▶ Exercise requirements
Begin at the line that has "又如麻辣王子、香飘飘、绝味鸭", stop after the line that has "The BCA polycarbonate", and print exactly those lines from the records below, without any pictures.

▶ The data
========

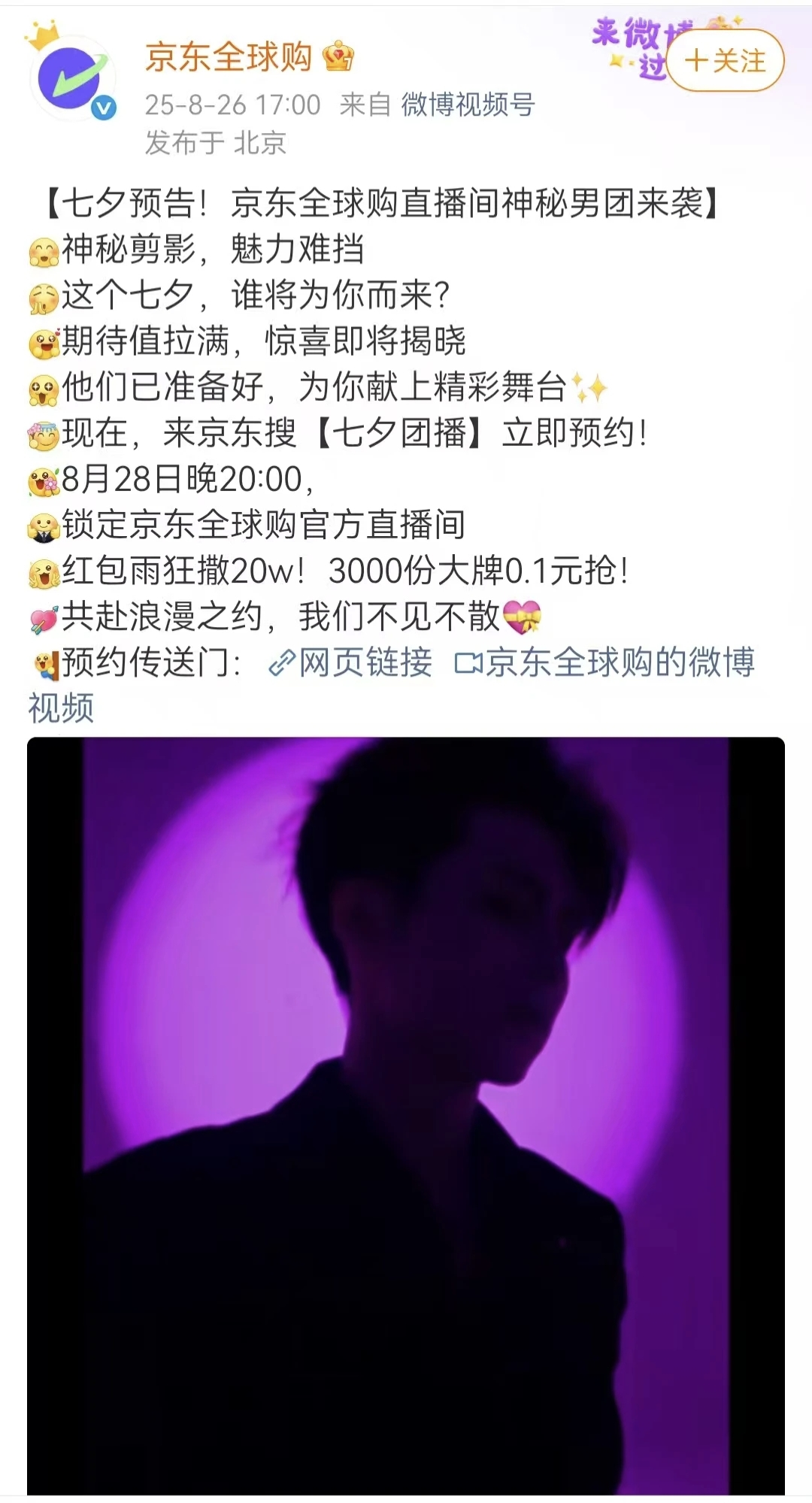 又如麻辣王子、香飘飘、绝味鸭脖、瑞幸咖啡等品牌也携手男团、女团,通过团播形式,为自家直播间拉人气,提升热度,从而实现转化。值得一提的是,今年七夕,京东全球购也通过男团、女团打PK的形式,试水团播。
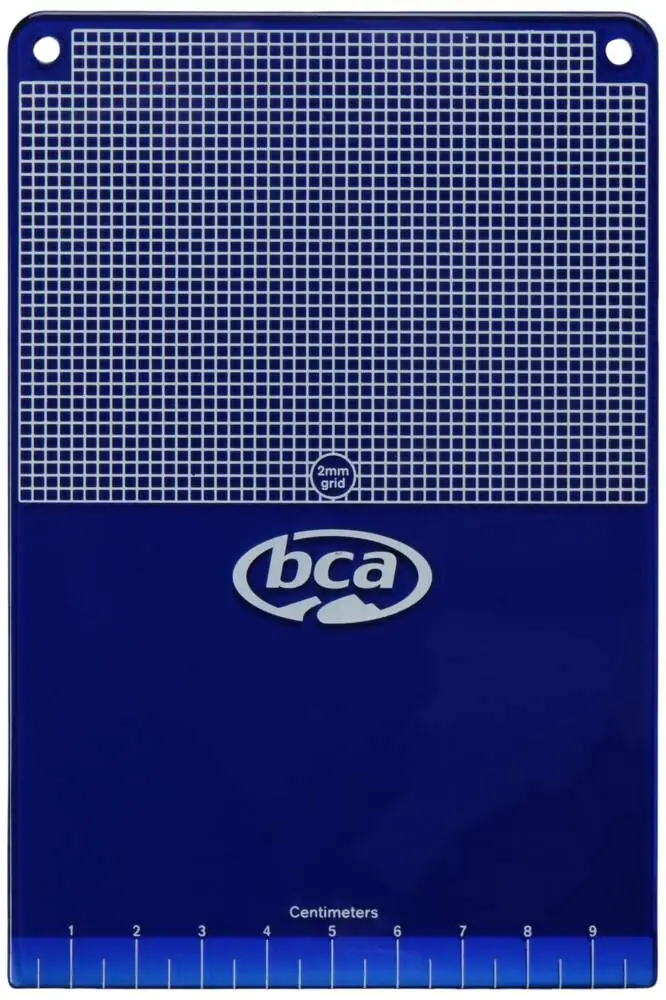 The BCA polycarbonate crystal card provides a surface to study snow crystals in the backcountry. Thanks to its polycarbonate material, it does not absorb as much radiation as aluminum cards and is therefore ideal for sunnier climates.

========

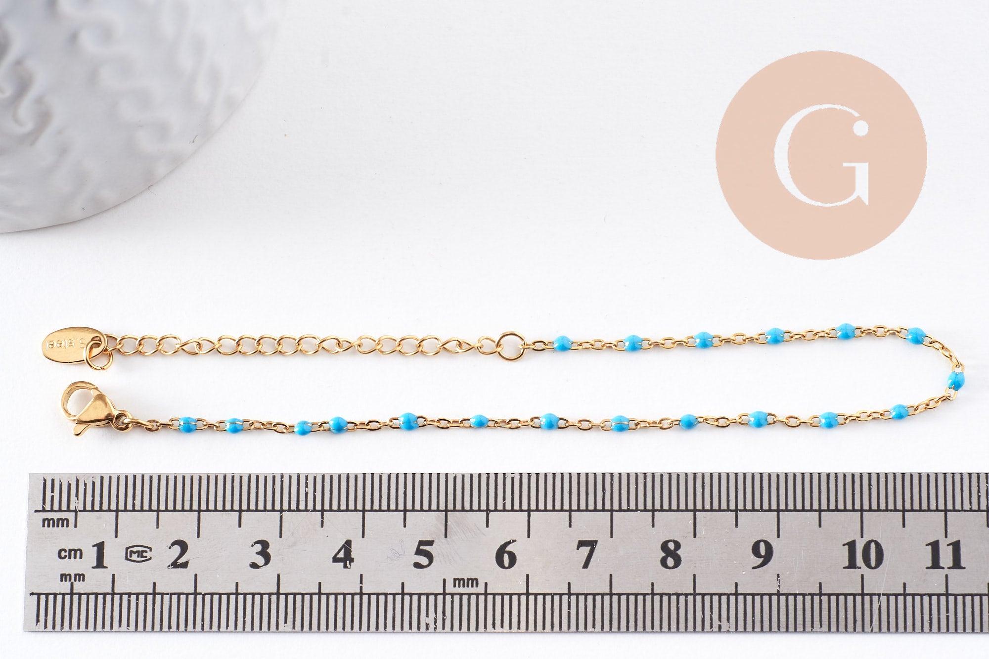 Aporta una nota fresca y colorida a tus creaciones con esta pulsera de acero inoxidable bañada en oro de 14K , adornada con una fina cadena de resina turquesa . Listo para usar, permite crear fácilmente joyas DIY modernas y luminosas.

========

▶ Worked solution
 又如麻辣王子、香飘飘、绝味鸭脖、瑞幸咖啡等品牌也携手男团、女团,通过团播形式,为自家直播间拉人气,提升热度,从而实现转化。值得一提的是,今年七夕,京东全球购也通过男团、女团打PK的形式,试水团播。
 The BCA polycarbonate crystal card provides a surface to study snow crystals in the backcountry. Thanks to its polycarbonate material, it does not absorb as much radiation as aluminum cards and is therefore ideal for sunnier climates.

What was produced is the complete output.